Note: It is also permissible to implement this framework in non-web.

2. Definitions and Terminology

The key words "MUST", "MUST NOT", "REQUIRED", "SHALL", "SHALL NOT", "SHOULD", "SHOULD NOT", "RECOMMENDED", "MAY", and "OPTIONAL" in this document are to be interpreted as described in RFC 2119.

The following definitions are for terms used in the context of this document.

"DMOW": Its full name is "Data Migration on Web",it means data migration based on web.
"Cloud Computing": Cloud computing is a pay-per-use model that provides available, convenient, on-demand network access, the user enters a configurable computing resource sharing pool (resources include network, server, storage, application software, services), these resources can be provided quickly, with little administrative effort or little interaction with service providers.
"Big Data": A collection of data that cannot be captured, managed, and processed using conventional software tools within a certain time frame. That is a massive, high growth rate and diversified information assets that require new processing modes to have stronger decision-making power, insight and process optimization capabilities.
"Data Migration": The data migration described in this document is aimed at the data transfer process between a relational database and a cloud platform.
"Data Storage": Data is recorded in a format on the computer's internal or external storage media.
"Data Cleansing": It is a process of re-examining and verifying data. The purpose is to remove duplicate information, correct existing errors, and provide data consistency.
"Extraction-Transformation-Loading(ETL)": The processing of user database or data warehouse. That is, data is extracted from various data sources, converted into data that meets the needs of the business, and finally loaded into the database.
"Distributed Platform": A software platform that builds data storage, data analysis, and calculations on a cluster of multiple hosts.
"Distributed File System": The physical storage resources managed by the file system are not directly connected to the local node. Instead, they are distributed on a group of machine nodes connected by a high-speed internal network. These machine nodes together form a cluster.
"Distributed Computing": A computer science discipline studies how to divide a problem that requires a very large amount of computing power into many small parts and it is coordinated by many independent computers to get the final result.
"Apache Hadoop": An open source distributed system infrastructure that can be used to develop distributed programs for large data operations and storage.
"Apache HBase": An open source, non-relational, distributed database. Used with the Hadoop framework.
"Apache Hive": It is a data warehouse infrastructure built on Hadoop. It can be used for data extraction-transformation-loading(ETL), it is a mechanism that can store, query, and analyze large-scale data stored in Hadoop.
"HDFS": A Hadoop distributed file system designed to run on general-purpose hardware.
"MapReduce": A programming model for parallel computing of large-scale data sets (greater than 1 TB).
"Spark": It is a fast and versatile computing engine designed for large-scale data processing.
"MongoDB":It is a database based on distributed file storage designed to provide scalable, high-performance data storage solutions for web applications.

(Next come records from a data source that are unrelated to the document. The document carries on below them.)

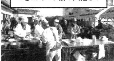
つき立てのお餅! 大忙し!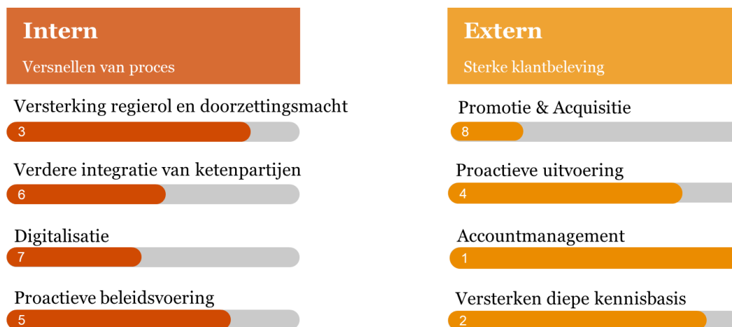
Figuur 1. Relatieve bijdrage aan kwaliteitsbeleving van de verschillende maatregelen volgens de registerpartijen

In de interviews met de marktpartijen is gevraagd een volgorde van maatregelen aan te brengen in de maatregelen. Met bovenaan de maatregel die het meest bijdraagt aan kwaliteitsbeleving. In Figuur 1 wordt de relatieve beoordeling van de maatregelen weergegeven. Accountmanagement en het versterken van de diepe kennisbasis zouden volgens de marktpartijen het meest bijdragen aan de kwaliteitsbeleving. Met als voorwaarde dat de accountmanager wel voldoende bevoegdheden en zeggenschap heeft om zaken sneller op te lossen of aan te kaarten dan de reders op dit moment zelf kunnen. Digitalisatie en Promotie & acquisitie staan het laagst op het lijstje. Hierover is gezegd dat beide maatregelen zeker wenselijk zijn maar dat het belangrijk is eerst de basis op orde te brengen en klantgericht te gaan werken voordat er nieuwe technieken worden gebruikt. Zo wordt er eerst gezorgd dat huidige klanten blijven voordat Promotie & acquisitie wordt ingezet om nieuwe klanten te werven.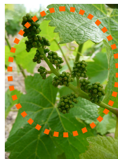
MB – 25/05/2015 Gamay H 17 « BF séparés »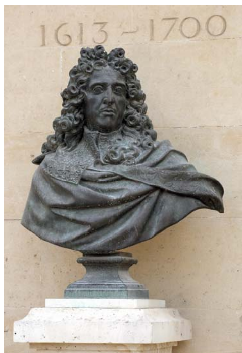
André Le Nôtre d'après Antoine Coysevox Dépôt du Fonds national d'art contemporain (Paris) Bronze

L'exposition promenade sur André Le Nôtre a été rendue possible grâce au généreux soutien de Champagne Laurent-Perrier .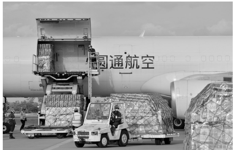
11月17日,在老挝万象机场,工作人员卸载并装运中国援助的新冠疫苗等物资。中国援助老挝新一批新冠疫苗17日运抵万象机场。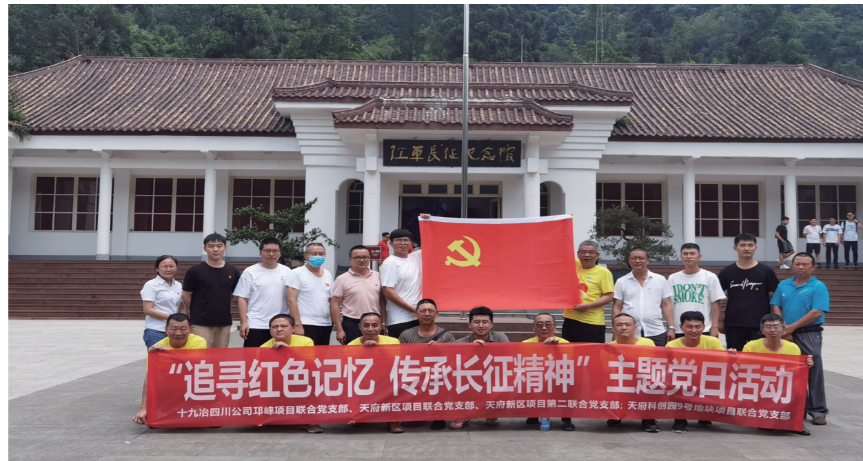
四川公司多个项目党支部联合开展主题党日活动

一名党员的作用有多大？一个党支部的作用有多大？四川公司天府新区项目联合党支部的全体党员用实际行动给出了答案。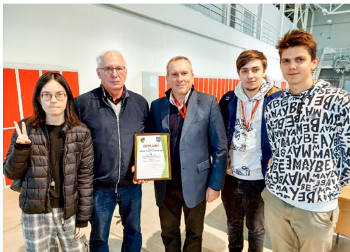
Inženieru dienas Rīgas Valsts tehnikuma komanda.

2022. gada oktobra pirmā nedēļa bija veltīta karjeras izglītībai Rīgas Valsts tehnikuma (RVT) Dzelzceļa nodaļā. Šogad pasākuma mērķis bija Dzelzceļa nodaļas audzēkņiem veicināt interesi par izvēlēto profesiju un pozitīvu priekšstatu par nākotnes darba iespējam nozarē, kā arī stiprināt savu piederību tehnikumam.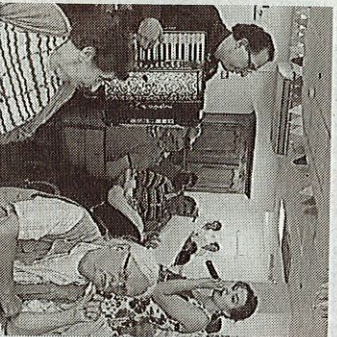
Le groupe La Roulotte s'est glissé entre les tables pour servir la musique au plus près des résidents.

Cette année, le groupe La Roulotte a assuré un long régal de chansons anciennes, des années vingt, qui a rappelé des souvenirs aux nombreux convives, une centaine de personnes s'étant jointe aux résidents pour ce repas exceptionnel. Ça et là ils ont repris en cœur les refrains, et certains se sont même essayés à quelques pas de danse dans les espaces laissés libres entre les tables.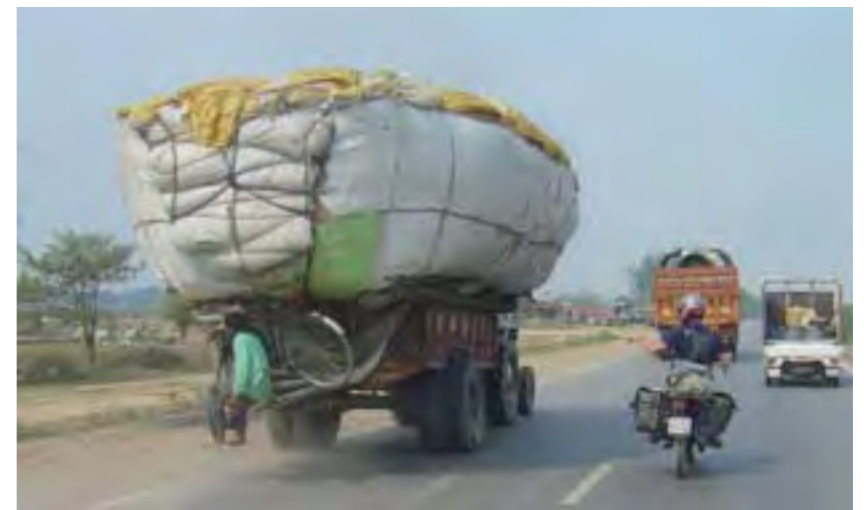
En la India, como en toda Asia, las normas de tráfico no son para ellos.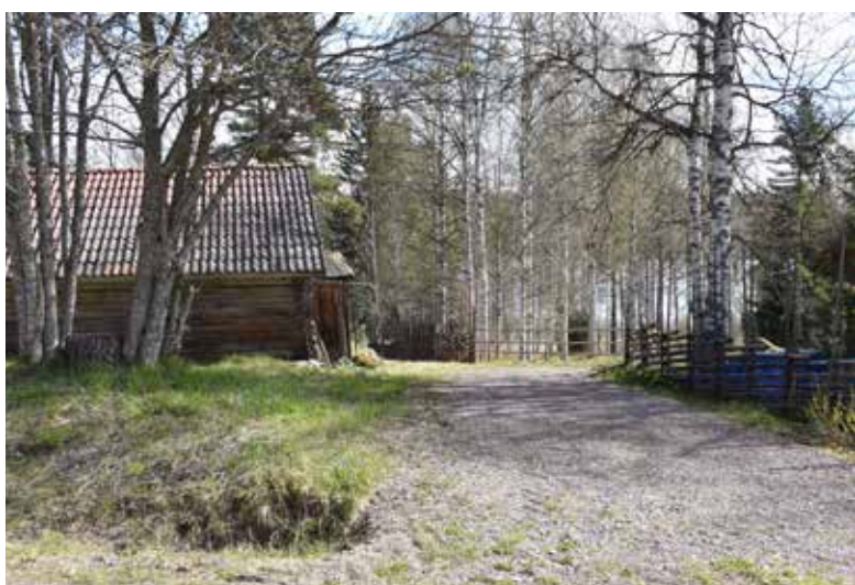
Lertegel är det överlägset vanligaste takmaterialet i Perhansbodarna, där enbart ett fåtal takfall bytts ut mot plåt. Det patinerade teglet är värdebärande för en ålderdomlig karaktär. Ullvi 26:10.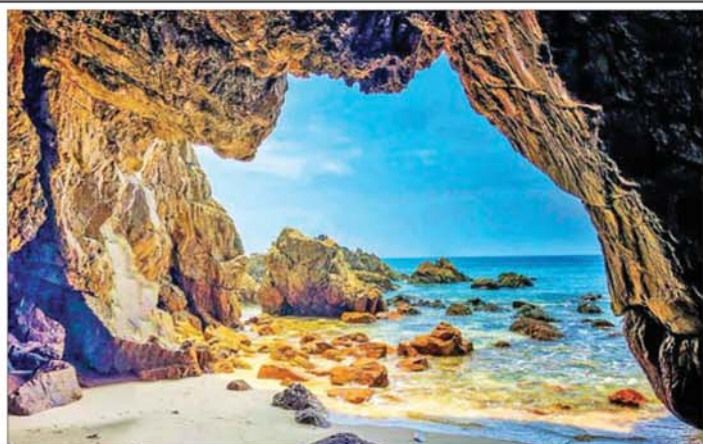
ဝါးအလယ်ကျွန်းတွင် နိုင်ငံခြားသားခရီးသွားများ လည်ပတ်ရာ ထုံးကျောက်ဂူတစ်ခုကိုတွေ့ရစဉ်။

* စာမျက်နှာ ၂၄ မှ ခရီးသွား ဝင်ရောက်မှုများသည် ဒီဇင်ဘာလ၊ ဇန်နဝါရီလတို့တွင် တစ်ဦးလျှင် အမေရိကန် ဒေါ်လာ ၈၅၀ နှင့် ကျန်သောလများ၌ အမေရိကန်ဒေါ်လာ ၈၀၀ ဖြင့် ဝန်ဆောင်မှုပေးသည်။ ဝါးအလယ်ကျွန်း အပန်းဖြေစခန်းသို့ နိုင်ငံဘာလမှ ဧပြီလကုန်ပိုင်းအထိ ခရီးသွားများ လည်ပတ်လေ့ရှိပြီး ပုံမှန်အားဖြင့် ဩဂုတ်လမှစ၍ ခရီးသွားလက်ခံလေ့ရှိသော်လည်း ယခုခရီးသွားရာသီ၌ ခရီးသွား ပိုမိုဝင်ရောက်ခဲ့မှုကြောင့် လာမည့်ခရီးသွားရာသီ ကာလအတွက် ယခုမေလမှစကာ ကြိုတင်စာရင်း လက်ခံလျက်ရှိသည်။ "ကျွန်တော်တို့က ဝါးအလယ်ကျွန်းကို စဉ်းစားသည့်အများကြီး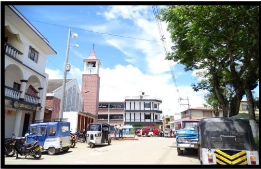
Imagen 1. Panorámica del municipio de Maceo

El esquema de conectividad ecosistémica se deriva de un análisis regional del territorio a escala departamental, presentando una red de conectividades ecosistémicas como conjunto de probabilidades de movilidad de la biodiversidad a través de distintas rutas, que pueden o no coincidir con espacios naturales o antrópicos, que soportan el ordenamiento territorial en términos de oferta y demanda de bienes y servicios ecosistémicos para la población.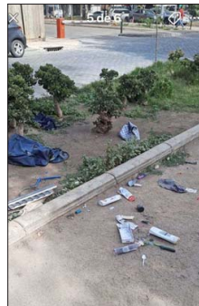
RIESGOS.— Habitantes alertan del riesgo sanitario de los desechos.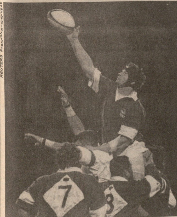
ინგლისი — იტალია. აპენინელებმა ბრიტანელებს ტოლი არაფერში დაუდეს, დერეფანშიც არაერთხელ აჯობეს

ირლანდიელებმა კარგად იცოდნენ, რუმინელებს რაც უნდა გულიანად ეთამაშათ, მათ მინც ვერ დაამარცხებდნენ. ამიტომაც, შეიძლება ითქვას, ირლანდიამ სამხრეთ აფრიკასთან მომავალი ტესტისთვის ერთგვარად წაივარჯიშა. პირველ ნახევარში კუნძულებს თავი არ გამოუღიადო. ნელა ბურთობდნენ, ხშირადაც ცდებოდნენ, თუმცა მეტოქეს დაწინაურებას არ ანებებდნენ. რუმინეთსაც მეტოქის უდარდლობით ისარგებლა და მესვენებამდე ორი ლელოც გაიტანა. პირველი ნახევარი სამყურებმა 19:13 მოიგეს. მეორე ნახევრის დასაწყისი პირველის მსგავსი გამოდგა — რუმინეთი აქტიურობდა, ირლანდია ნაკლებად, მაგრამ ამჯერად ირლანდიელთა „სიზარმაცემ“ დიდხანს არ გასტანა. მეორე ნახევრის შუაში მსაჯმა პოლ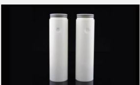
型号 : MAX-O-M6无盖系列 尺寸 Size : \varnothing 44 \times 134/156/180/200 mm 流量 Flow : 3000-5000ml/min 工作压力 Working pressure : 0.1-0.4MPa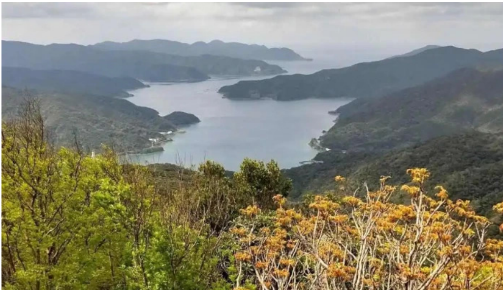
道の駅レストランマングローブ 湯湾岳展望公園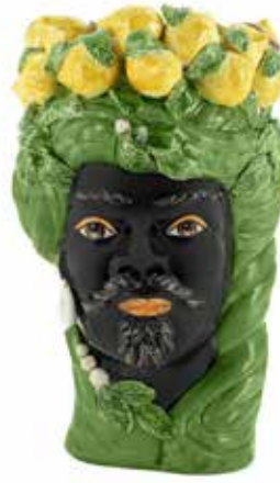
201212,70 VASE LEMON HEAD MAN BIG H45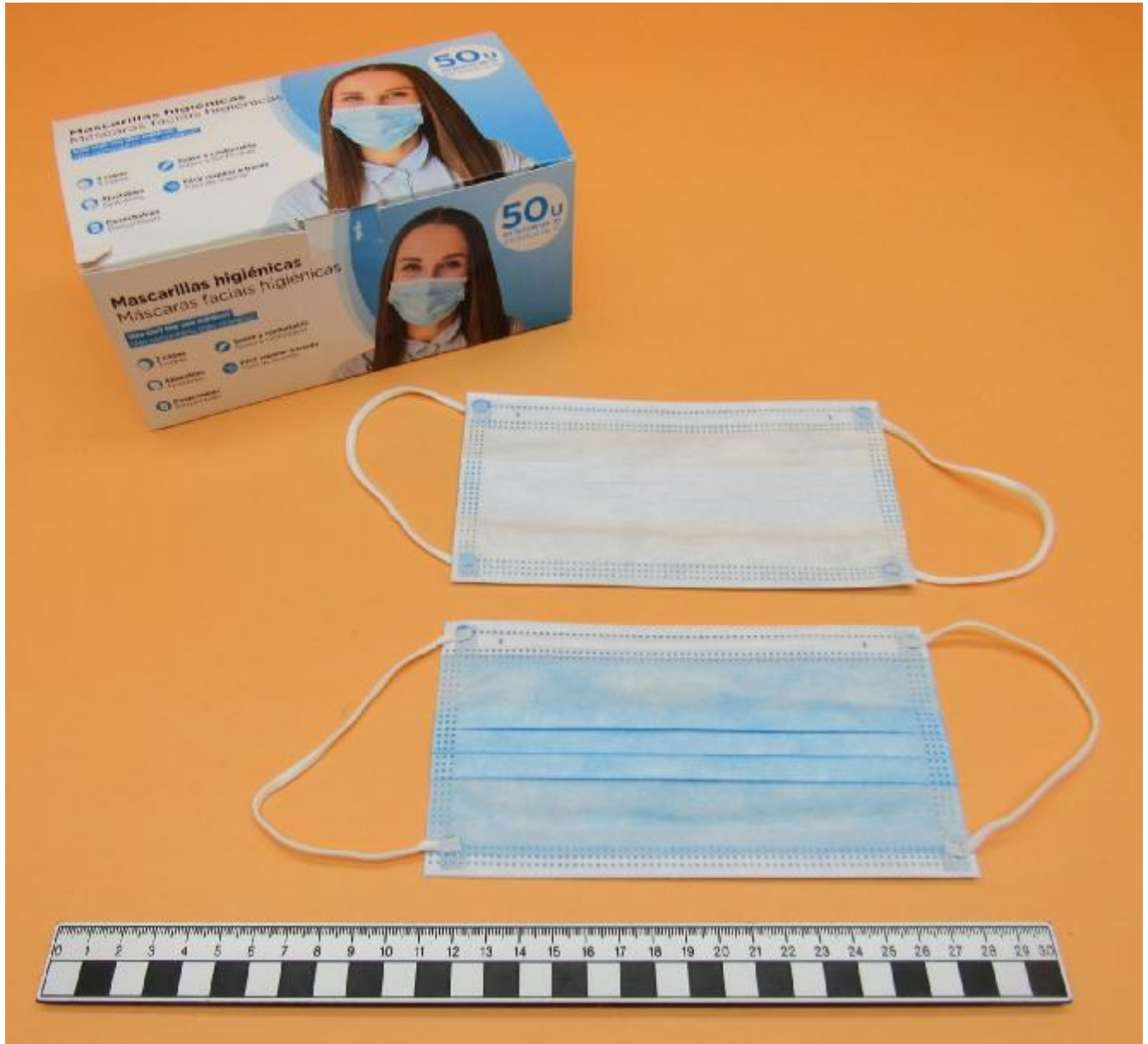
Mascarilla higiénicas no reutilizable Ref. 120722 (Lote: 264870)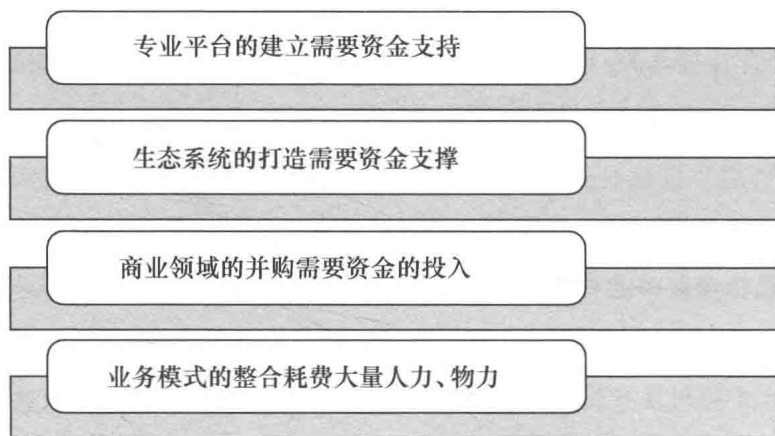
图 1-3 “大健康”布局的资金驱动作用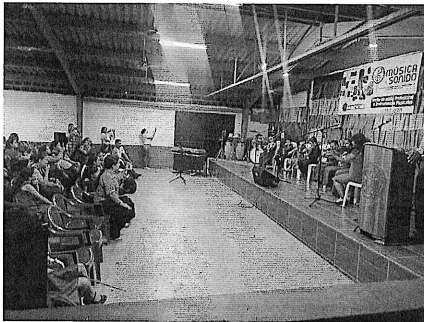
Alumnos de la Orquesta Juvenil de Zacapa durante el concierto, siendo grabados por el público presente.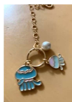
アコヤ貝のキーホルダー

早速お目当ての御朱印をゲットして満足するチーム。さらに頂上にある灯台「シーキャンドル」を目指していく元気なチーム。帰りは階段で下ることになると聞き、上へ行くことを断念して下で留守番しているチーム。皆さん自分の体調に合わせて行動することが出来ました。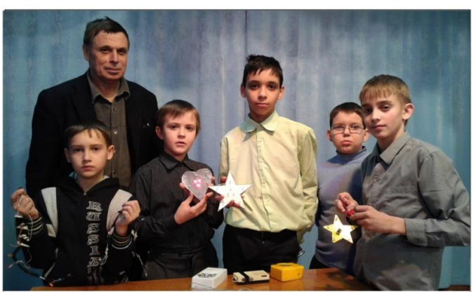
СЛАВНЫЕ ТРАДИЦИИ (стр. 6)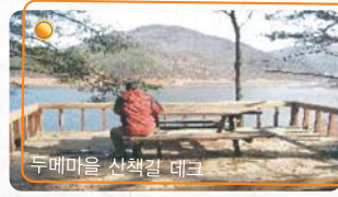
두메마을 산책길 데크

주변먹거리 : 두메마을(042-272-5802), 들꽃내(전통음식, 민박), 감나무골식당 등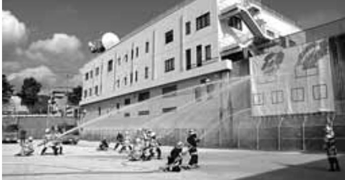
「平成23年 芦屋市消防出初め式」を開催 1月9日(日)、体育館・青少年センターと川西運動場を会場に、 式典および一斉放水訓練・初期消火訓練等を実施しました。

発行/ 芦屋市役所(広報課) TEL. 0797-31-2121 FAX. 0797-38-2152 〒659-8501兵庫県芦屋市精道町7番6号 ホームページ http://www.city.ashiya.lg.jp メールアドレス info@city.ashiya.hyogo.jp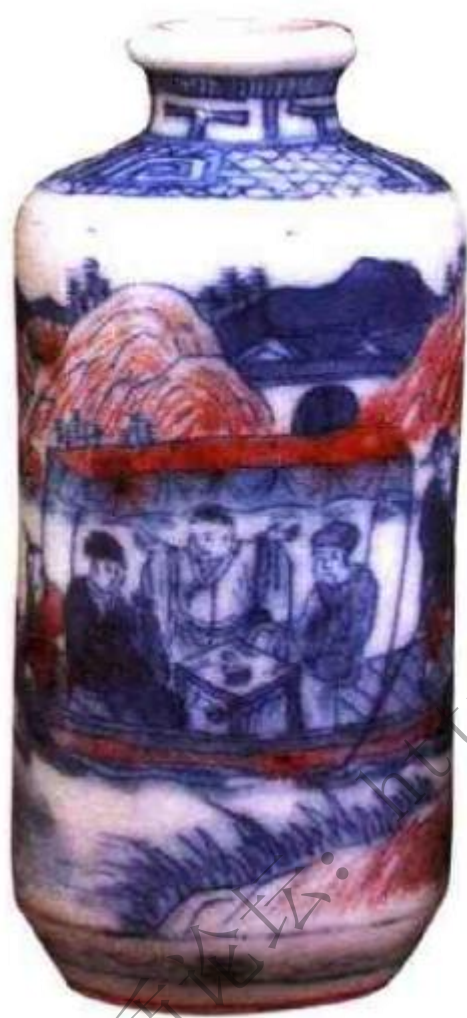
图26 现代仿道光青花加紫夜游赤壁鼻烟壶。壶中所有人物、山水船先以细笔勾出轮廓后在轮廓内绘釉里红，青花，这是现代景德镇仿清代青花釉里红鼻烟壶的特征之一，其青花发色大多呈蓝黑色。

花釉里红鼻烟壶，釉色偏白（俗称傻白釉）画工多不精，精品凤毛麟角，现代新仿品底足规整款识多以细笔平描，釉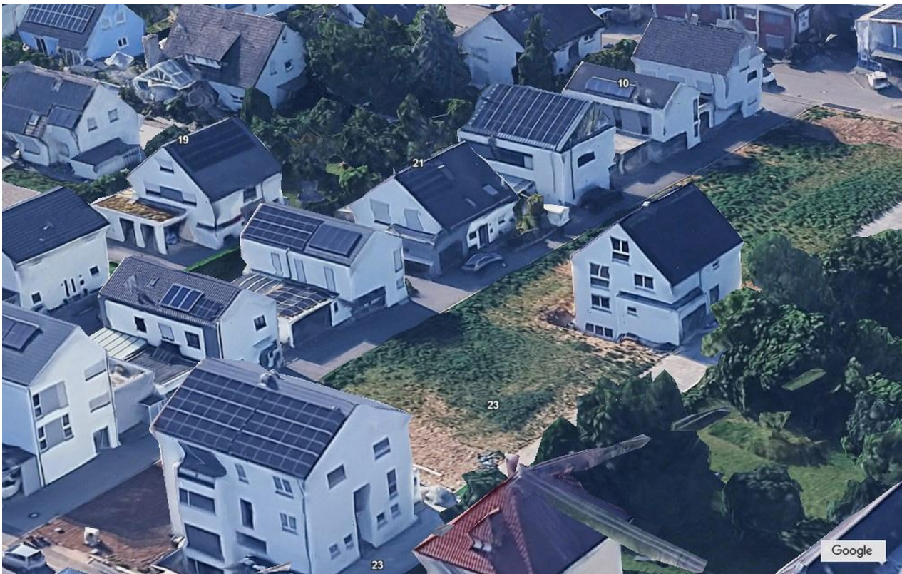
Google earth view 2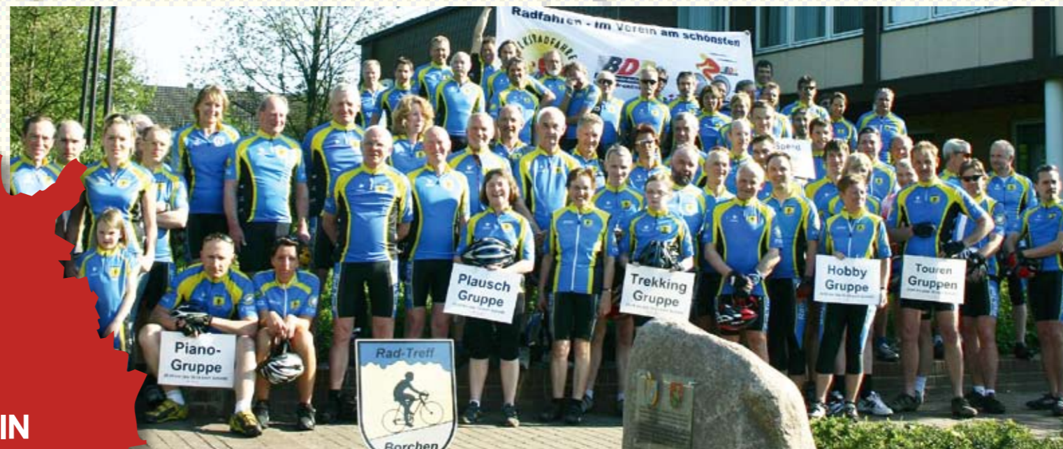
Borcheln: der größte Rad-sporttreff in NRW.

DIE NEUE SERIE STELLT IH-NEN DIE BESTEN RADTREFFS IN DEUTSCHLAND VOR.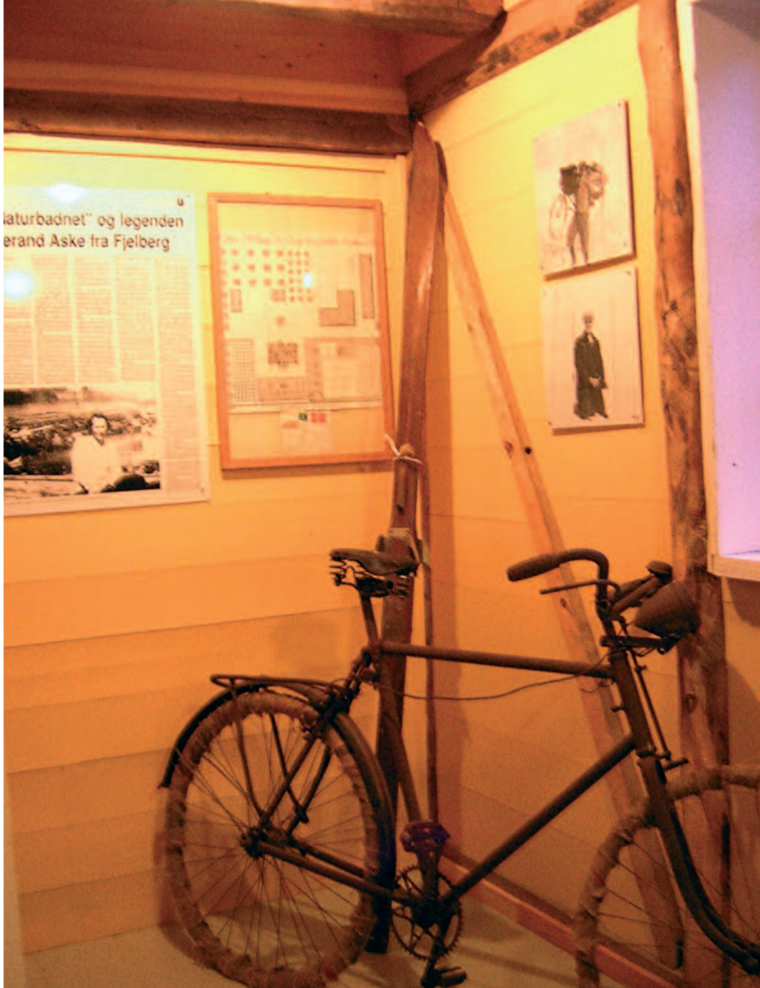
Fra «Tjerand Aske-utstillingen» i Bispestova, Fjelberg prestegard.

3. Specific Framework Implementation Standards

The main goal of this data migration framework is to help companies migrate their massive data stored in relational databases to cloud platforms through web access. We propose a series of rules and constraints on the implementation of the framework, by which the users can conduct massive data migration with a multi-demand perspective.

Note: The cloud platforms mentioned in the document refer to the Hadoop platform by default. All standards on the operations and the environment of the framework refer to web state by default.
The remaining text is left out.